Webb MILLER (Special UP Correspondent for India), The New York World-Telegram, Dharasana Camp, Surat District, Bombay Presidency, May 22, 1930.

Amazing scenes were witnessed yesterday when more than 2,500 Gandhi ‘volunteers’ advanced against the salt pans here in defiance of police regulations. The official government version of the raid, issued today, stated that ‘from Congress sources it is estimated 170 sustained injuries, but only three or four were seriously hurt.’

About noon yesterday I visited the temporary hospital in the Congress camp and counted more than 200 injured lying in rows on the ground. I verified by personal observation that they were suffering injuries. Today even the British owned newspapers give the total number at 320 …

The scene at Dharasana during the raid was astonishing and baffling to the Western mind accustomed to see violence met by violence, to expect a blow to be returned and a fight result.
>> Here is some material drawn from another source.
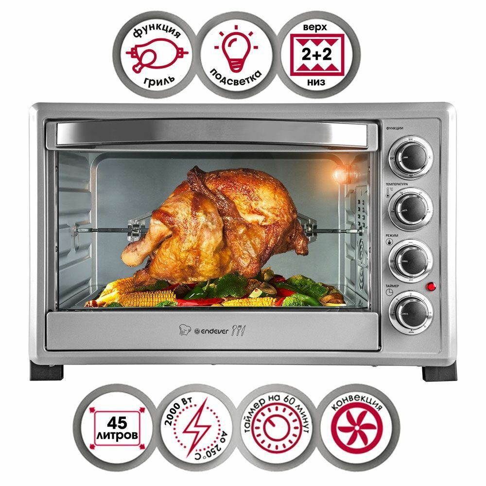Мини печь электрическая ENDEVER Danko-4047, 2000 Вт, духовка электрическая настольная 45 л, конвенция, 100-250 градусов интересное:

During the morning I saw and heard hundreds of blows inflicted by the police, but saw not a single blow returned by the volunteers. So far as I could observe the volunteers implicitly obeyed Gandhi’s creed of non-violence. In no case did I see a volunteer even raise an arm to deflect the blows from lathis. There were no outcries from the beaten Swarajists, only groans after they had submitted to their beating.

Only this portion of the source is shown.